Dado que em filosofia não há evidências nem certezas indiscutíveis e absolutas,


ao dogmatismo dos que se deixam enredar nos preconceitos e nas opiniões vulgares das
gentes, o filosofar contrapõe a dúvida, a problematização e o espírito crítico que,
condições difíceis de um existir autêntico, se são geradores de desconforto,
insegurança, inquietação e angústia, são também geradoras de tolerância e respeito
pela diferença e pelo outro, princípios sem os quais não é possível assegurar um
mundo em que a vida, a harmonia, o diálogo e a paz, sejam os valores decisivos e
supremos.

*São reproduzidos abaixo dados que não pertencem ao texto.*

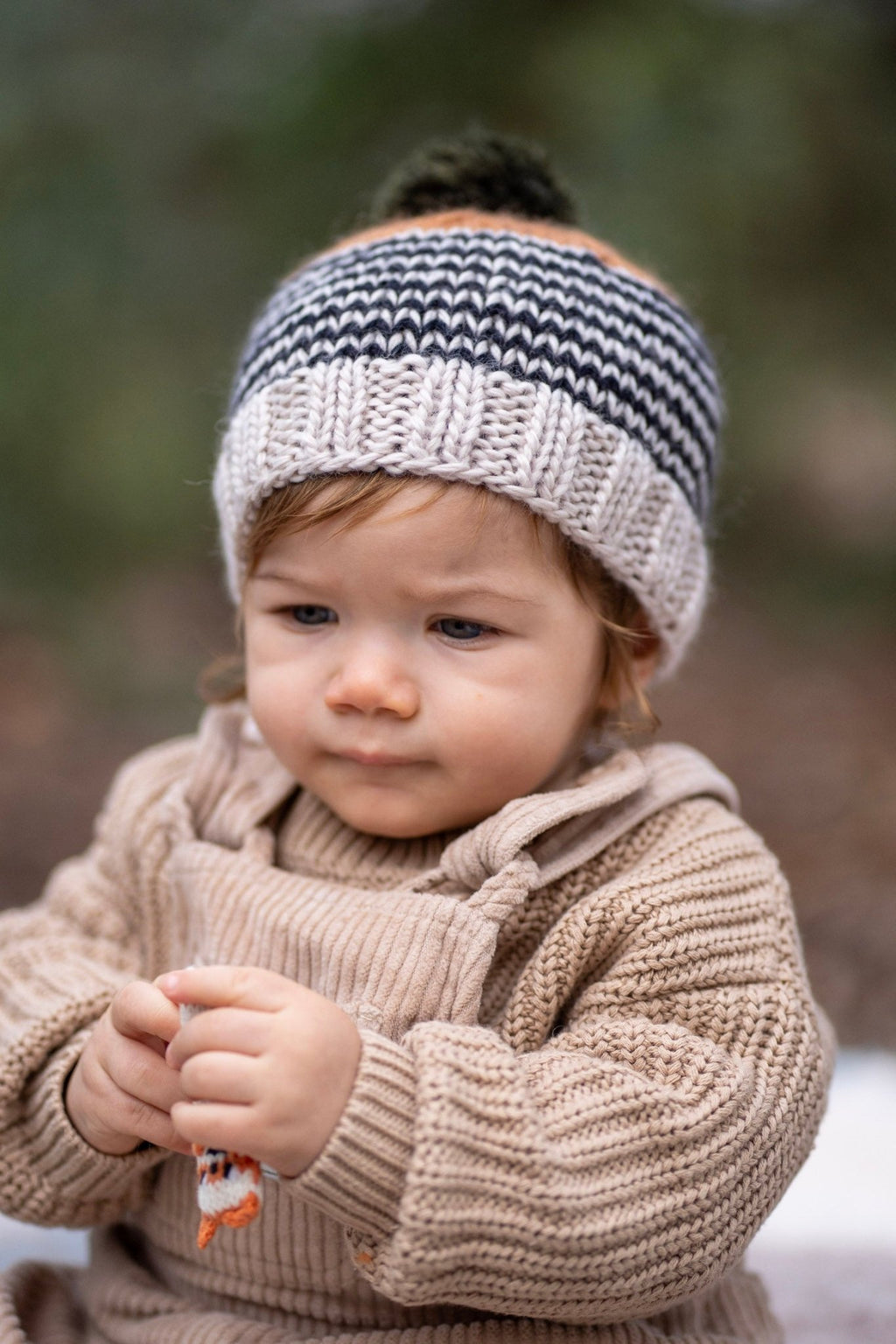 This super soft wool blend knit beanie with a retro stripe pattern and a comfortable and stretchy 2x2 ribbing at the face.

Em oposição à arrogância dogmática, a dúvida e a crítica filosóficas levam-
nos a pôr em discussão não só as opiniões dos outros mas, num esforço de autocrítica, as
nossas próprias opiniões, admitindo sempre a possibilidade de estarmos enganados
naquilo que, de boa fé nos parecia bem.

O exercício da filosofia permite-nos aprender que ninguém tem o monopólio


do bem e da verdade, mas que os homens são todos diferentes e querem coisas
diferentes, pelo que nenhum de nós tem o direito de dar e impor aos outros aquilo
que considera que é o bem para eles. Pelo contrário, aquilo em que os homens se
devem empenhar é na construção de uma sociedade e de um mundo em que
prevaleça a liberdade de cada um viver a sua própria vida e a sua liberdade, sem
interferir, diminuindo-a, com a vida e a liberdade dos outros. Nesta medida, enquanto
desenvolve competências favoráveis a uma vida pessoal e social baseada em princípios
como a liberdade, o respeito, a cooperação e a solidariedade, a filosofia apresenta-se
como um fator fundamental de promoção da cidadania e da paz.